§ EXERCISE DIRECTIONS:
Leave the pictures in the listing below aside and reproduce exactly the lines starting with the one with "It’s important not" and going on through the one with "X says I declined", both ends included.

§ INPUT FOR THIS TASK:

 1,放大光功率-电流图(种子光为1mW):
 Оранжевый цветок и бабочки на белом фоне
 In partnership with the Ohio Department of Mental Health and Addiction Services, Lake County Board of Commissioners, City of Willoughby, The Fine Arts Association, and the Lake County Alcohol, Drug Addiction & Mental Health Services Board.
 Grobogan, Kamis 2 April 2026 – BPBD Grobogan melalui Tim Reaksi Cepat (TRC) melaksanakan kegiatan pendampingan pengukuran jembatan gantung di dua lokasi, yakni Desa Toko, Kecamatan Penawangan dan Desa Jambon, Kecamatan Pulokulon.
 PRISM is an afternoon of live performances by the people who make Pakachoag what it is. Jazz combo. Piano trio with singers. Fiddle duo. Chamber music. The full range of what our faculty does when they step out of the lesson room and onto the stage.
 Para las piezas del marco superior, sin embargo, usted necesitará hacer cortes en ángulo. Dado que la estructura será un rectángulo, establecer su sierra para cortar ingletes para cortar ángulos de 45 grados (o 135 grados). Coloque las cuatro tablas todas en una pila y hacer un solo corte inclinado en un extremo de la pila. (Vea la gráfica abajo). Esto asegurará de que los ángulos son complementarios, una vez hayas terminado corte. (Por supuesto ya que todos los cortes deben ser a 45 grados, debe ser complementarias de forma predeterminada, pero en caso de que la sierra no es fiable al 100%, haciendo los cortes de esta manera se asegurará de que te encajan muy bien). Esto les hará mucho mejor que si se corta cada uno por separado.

...

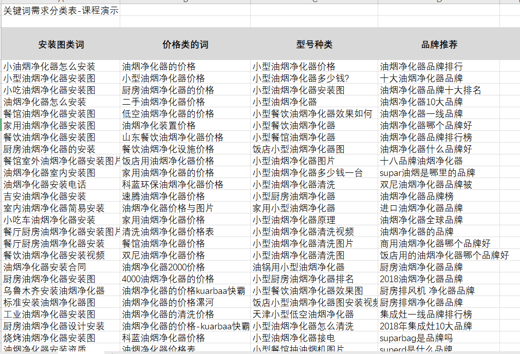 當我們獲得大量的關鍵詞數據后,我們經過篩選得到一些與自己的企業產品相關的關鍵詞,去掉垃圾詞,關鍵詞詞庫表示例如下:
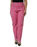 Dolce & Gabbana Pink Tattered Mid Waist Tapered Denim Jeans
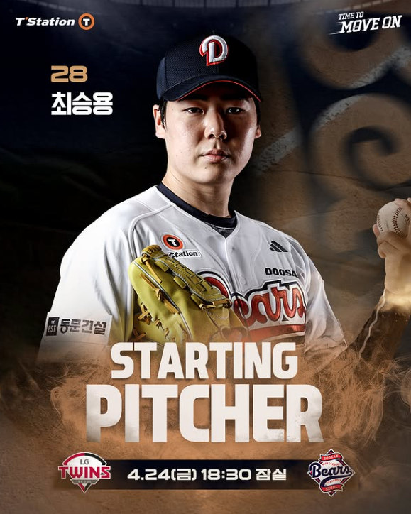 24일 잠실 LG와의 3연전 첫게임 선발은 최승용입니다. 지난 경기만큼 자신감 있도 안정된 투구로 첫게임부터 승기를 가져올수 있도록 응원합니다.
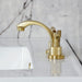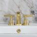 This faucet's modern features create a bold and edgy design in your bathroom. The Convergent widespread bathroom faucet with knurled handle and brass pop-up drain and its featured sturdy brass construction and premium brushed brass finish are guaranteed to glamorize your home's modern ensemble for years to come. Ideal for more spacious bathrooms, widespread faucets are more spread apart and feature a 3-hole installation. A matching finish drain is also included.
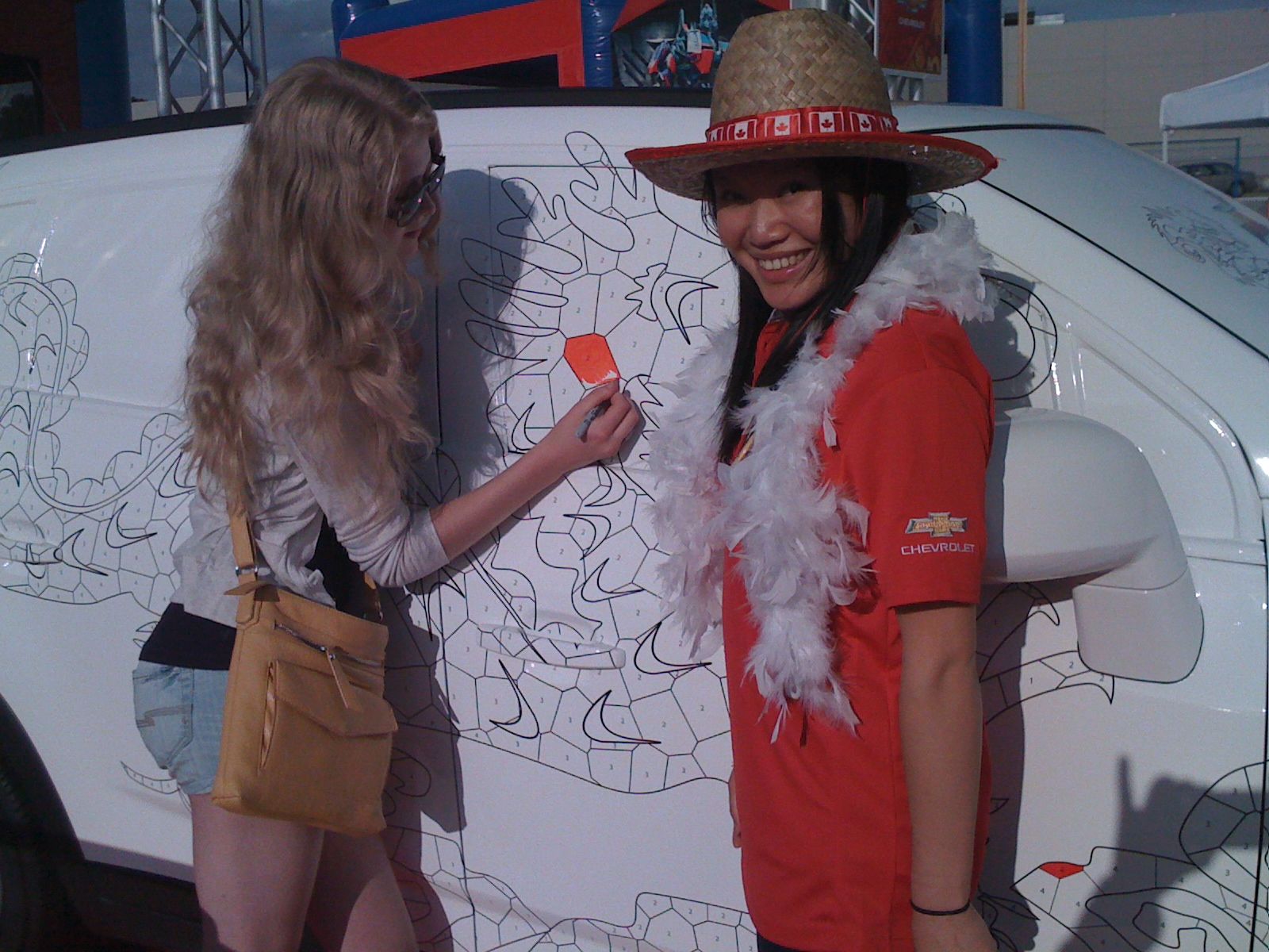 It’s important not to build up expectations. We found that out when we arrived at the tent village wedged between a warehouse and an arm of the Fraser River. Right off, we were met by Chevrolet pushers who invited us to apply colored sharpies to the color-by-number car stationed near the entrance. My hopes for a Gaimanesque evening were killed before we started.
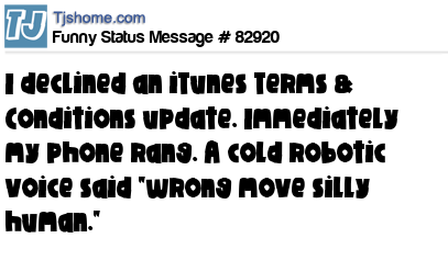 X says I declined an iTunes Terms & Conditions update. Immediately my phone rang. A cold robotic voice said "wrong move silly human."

---

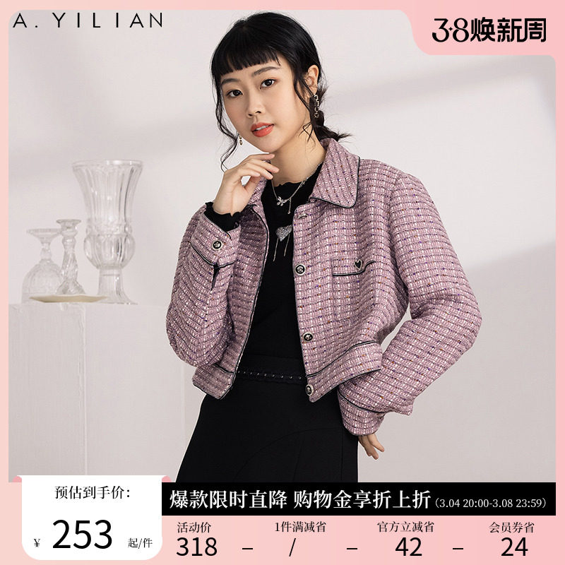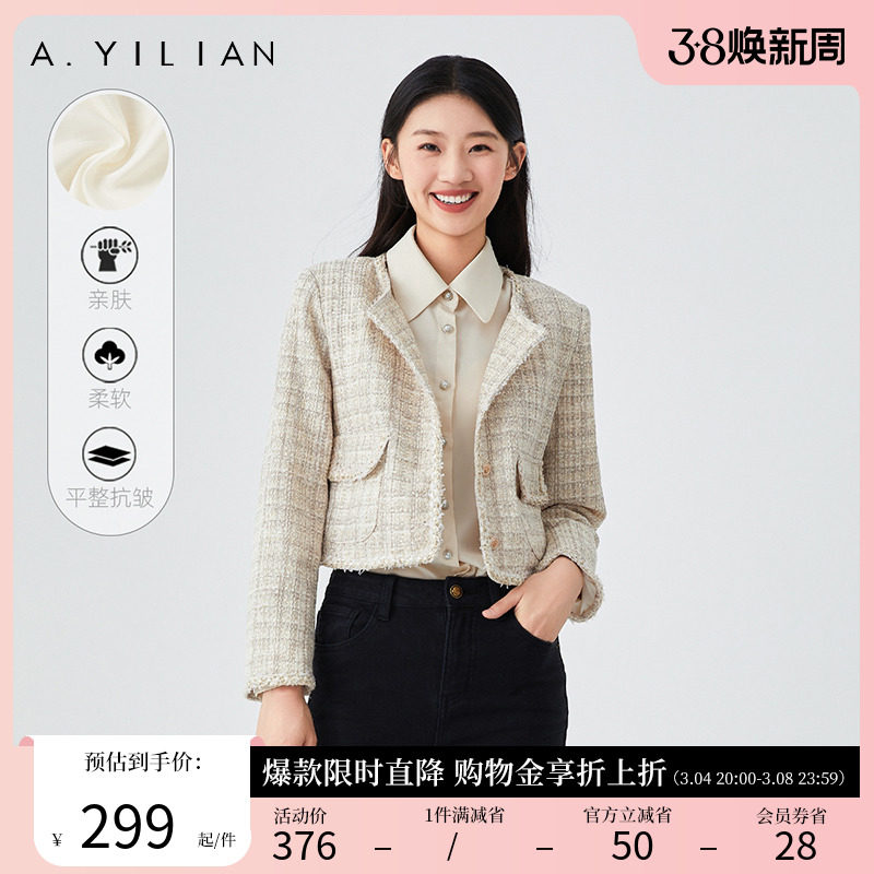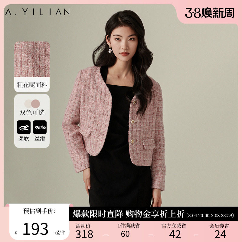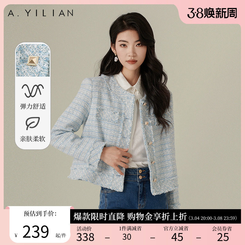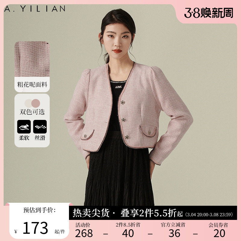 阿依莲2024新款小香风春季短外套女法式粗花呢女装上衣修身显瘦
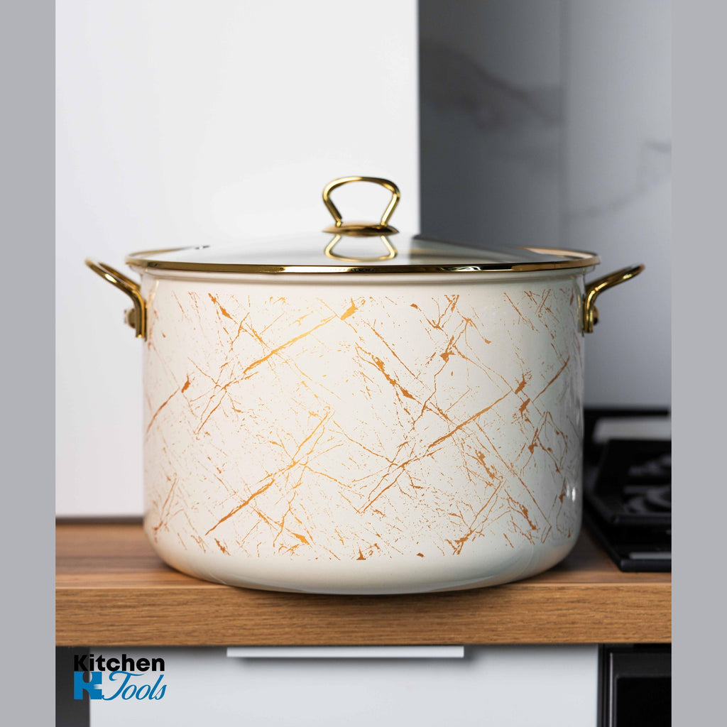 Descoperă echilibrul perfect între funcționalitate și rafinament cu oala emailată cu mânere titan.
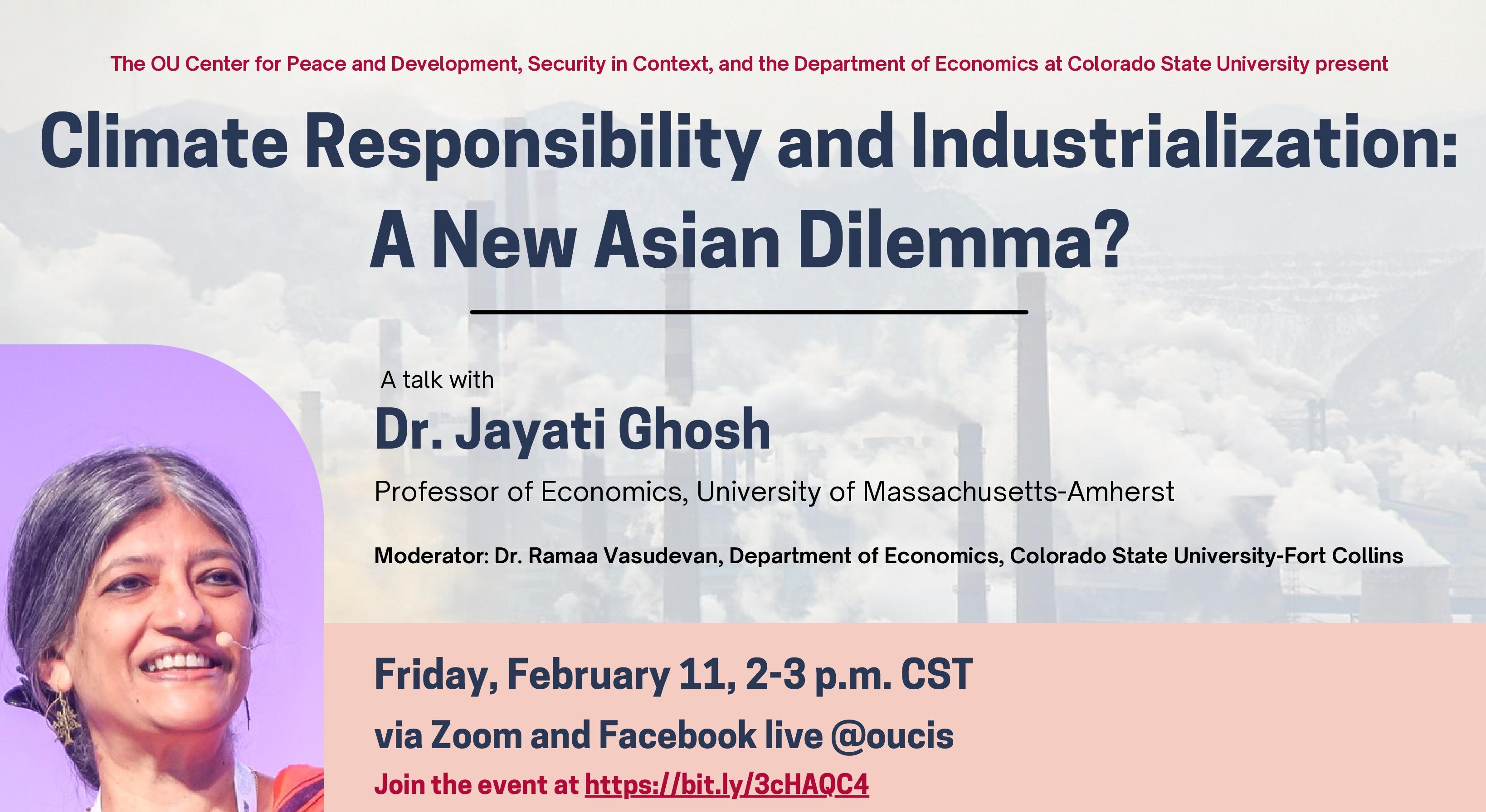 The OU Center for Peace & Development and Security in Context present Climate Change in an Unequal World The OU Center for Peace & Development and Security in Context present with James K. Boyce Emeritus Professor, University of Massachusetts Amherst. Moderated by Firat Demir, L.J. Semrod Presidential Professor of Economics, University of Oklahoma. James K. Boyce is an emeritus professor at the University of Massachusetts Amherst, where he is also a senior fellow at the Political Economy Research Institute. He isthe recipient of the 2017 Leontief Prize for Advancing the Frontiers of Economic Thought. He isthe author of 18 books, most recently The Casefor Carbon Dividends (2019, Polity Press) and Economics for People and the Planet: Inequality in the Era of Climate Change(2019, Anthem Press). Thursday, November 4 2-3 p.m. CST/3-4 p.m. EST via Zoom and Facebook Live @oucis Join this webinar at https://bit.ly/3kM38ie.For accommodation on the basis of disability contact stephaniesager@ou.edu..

§ ANSWER BOX:
 It’s important not to build up expectations. We found that out when we arrived at the tent village wedged between a warehouse and an arm of the Fraser River. Right off, we were met by Chevrolet pushers who invited us to apply colored sharpies to the color-by-number car stationed near the entrance. My hopes for a Gaimanesque evening were killed before we started.
 X says I declined an iTunes Terms & Conditions update. Immediately my phone rang. A cold robotic voice said "wrong move silly human."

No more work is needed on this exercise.